J'étais bourrée et j'ai voulu savoir. Je voulais tester sa réaction, partir à la pêche des suspiscions. Je ne suis qu'une amie pour lui, c'est évident dit-il. This is that he just could say to me. "I don't love you" or "i don't want to be with you" or "i don't feel the same" ? Impossible for him to say this, just "you're just a friend for me". C'est tombé sur moi comme un ciel lourd et chaotique. Je pense que le contre-coup du choc, c'est ça : j'ai réalisé que j'aurais pu y passer sous cette voiture à 2secondes prêt et tout ça parce que je courrais voir s'il m'avait écrit. Je me suis emballée à toujours penser à lui, Je lui ai pourtant dit "je trouve ça louche, je pense trop à toi, tu me manques vraiment, je crois que je suis amoureuse de toi", il a jamais répondu "fait pas ça"...non, il s'est senti flatté, m'a demandé ce qui se passait côté mecs de mon côté comme pour se renseigner.... Alors j'ai dû y voir une sorte de faille.

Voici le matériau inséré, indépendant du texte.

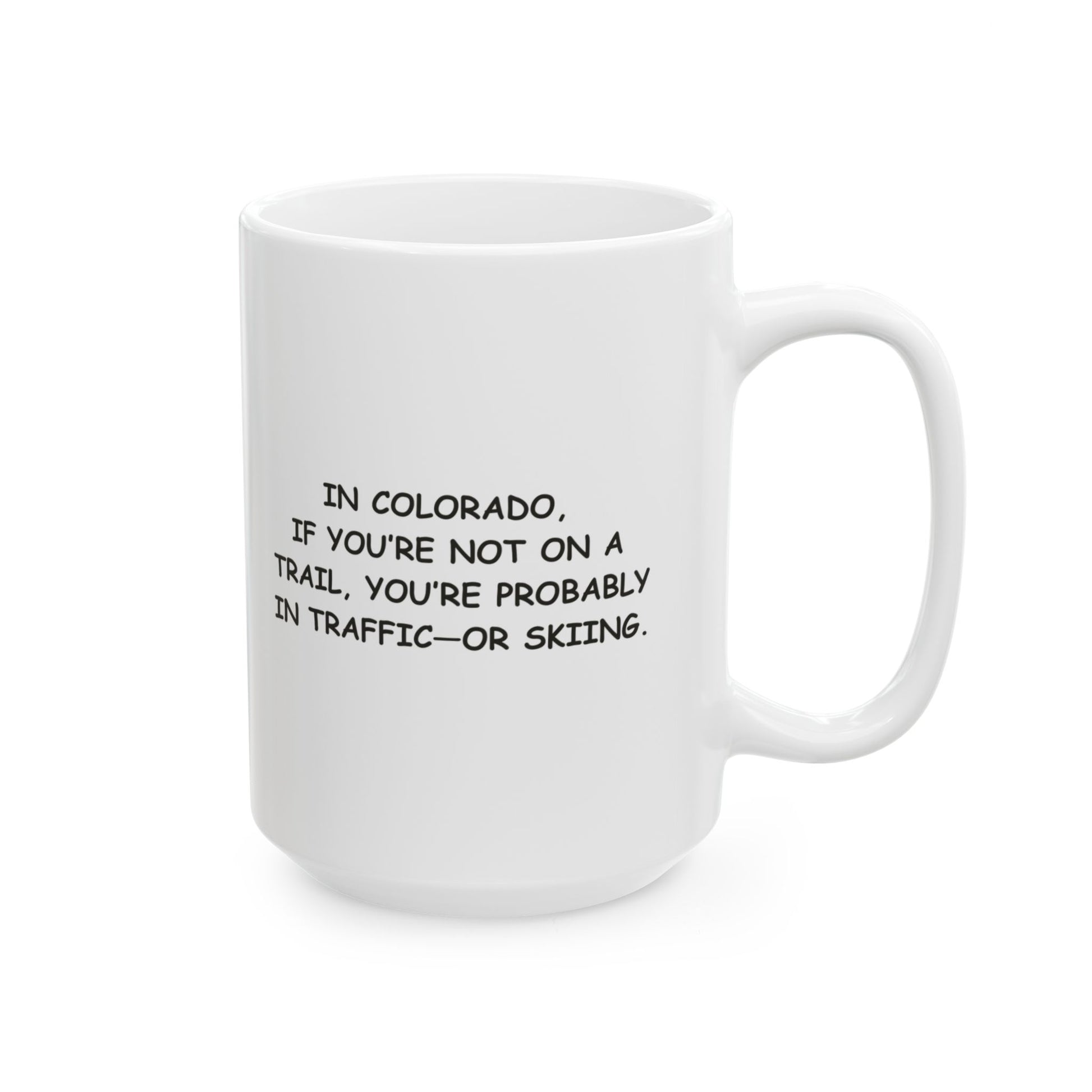 "In Colorado, if you’re not on a trail, you’re probably in traffic—or skiing." Ceramic Mug - 13506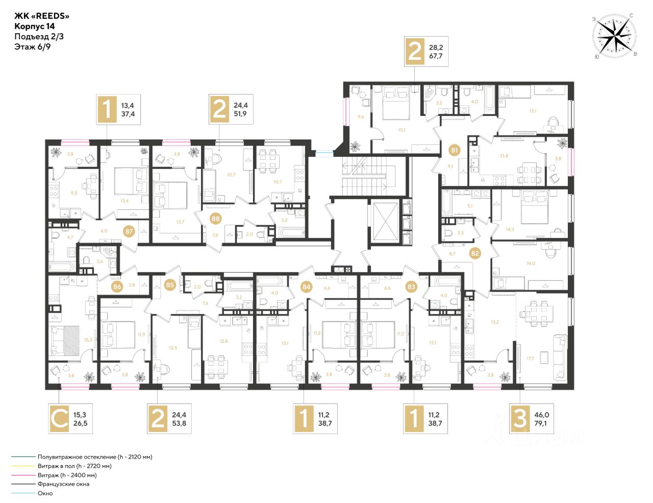 Срок сдачи: 4 кв. 2028, общей площадью 67.7 кв.м., на 6 этаже.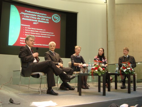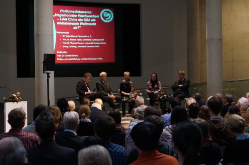 论坛就近几年来的中国社会、对外政策、经济政策和军事发展几个方面展开了讨论,这也是德国各界和当地民众最为关注的主题之一。史丹泽博士基于他在中国的经历与实践经验以及对中国的研究认为,中国不可能终结或取代美国的霸主地位。海贝勒教授也认同此观点,因为中国的未来走向尚不明晰,社会秩序在某种程度上还不稳定,军事实力在可见的时间内还较弱。在经济实力方面陶博教授认为中国在未来20年也难以取代美国,因为中国尚缺少世界经济领衔的人才。同时他认为中国面临两个方面的挑战:一是中国由于提高工人的工资,生产成本增加,需要摆脱“世界加工厂”帽子,导致许多外国公司企业外迁;二是结构转型后尚缺乏创新能力,但更缺乏的是创新机制。他还认为,中国采取引进西欧的公司企业来获得创新能力无疑是一种很好措施,但由于在很多欧洲企业人看来,中国尚未真正形成市场经济,外国企业难以得到公平对待,故给引进工作带来困难。史丹泽博士还补充道:在中国的很多省还存在某种地方保护主义,也是障碍之一。但他认为,中国的发展势头强劲,对外牵头成立了亚洲投资银行,并提出“一带一路”新丝绸之路的战略。海伯勒教授认为,“中国梦”是中国百姓的历史复兴之梦,他们为之奋斗并将在2020年之前实现由数量到质量的转变。张丹红女士就中国的社会现实进行了描述,她说,中国百姓生活水平大大提高,但也存在诸多的不安如:环境、食品、教育和社会保障等,这些问题尚需在发展进程中引起中国政府的重视并予以解决。就对外政策说来,中国的发展无疑会改变它的国际地位,它是世界的总企业,而且还会不断扩大。也许会有一天中国帮助德国兴建机场,而且又快又省钱。全场人都乐了!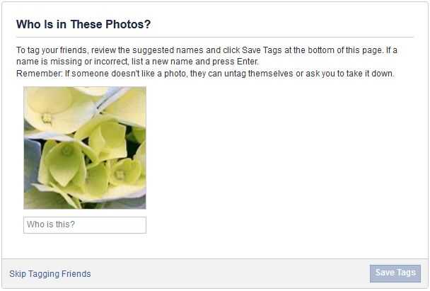 a continuación, Facebook probablemente le preguntará para etiquetar tus amigos o consultar que sus etiquetas sugeridas son correctos antes de pasar. Para continuar, revise/Agregue las etiquetas y pulse

J'ai vraiment l'impression que y'en a une. J'imagine tout le temps le jour où je vais remarcher rue du Commerce, monter les escaliers du 60 et frapper à sa porte, j'imagine que je serai fatiguée et que à peine arrivée je m'endormirais sur son canapé rouge qui dégouline, la plus heureuse du monde parce qu'il sera juste assis là quelque part dans la pièce près de moi. S'il y a quelqu'un en qui je voyais l'espoir et la confiance c'était lui. Et cet accident est un joli avertissement, quand je fonce vérifier mes mails dans l'espoir qu'il m'est écrit, une voiture me renverse, me coupant l'herbe sous le pied. Et voir écrit à deux reprises "t'es juste une amie pour moi" c'est comme rentrer dans un poteau en marchant pressée dans la rue. C'est un choc. Remet les pieds sur Terre Lus, t'es seule, tu vas trop vite, et tu crois trop. Il ne m'aime pas...of course qu'il ne m'aime pas, qu'est-ce que tu t'es imaginé encore...Descends de ton petit nuage... Souvent je me déteste et je suis toujours déçue. .
13 octobre 2009
Angoisse Passion et doutes
La définition du bonheur à l'état absolu.
J'ai réalisé mon rêve, traverser le désert.
Quand j'étais gamine, j'ai croisé une cousine de ma mère (Odile) qui a l'époque avait la 20aine et qui portait de longs cheveux bruns ondulants et des santiags. Elle revenait d'Australie.
Quand en vacances dans le Jura avec l'enculé d'Erwann, Eliane m'a offert ma paire de santiag, j'ai pensé que c'était le plus beau cadeau qu'on m'avait fait depuis un paquet d'années. Et je ne savais pas à l'époque que la vie me pousserait loin de la France...en Australie.
Et aujourd'hui, je vis à Alice Springs au milieu du désert et des aborigènes, le sable est rouge, et j'ai marché sur les routes de l'Australie brûlée par un soleil ardent.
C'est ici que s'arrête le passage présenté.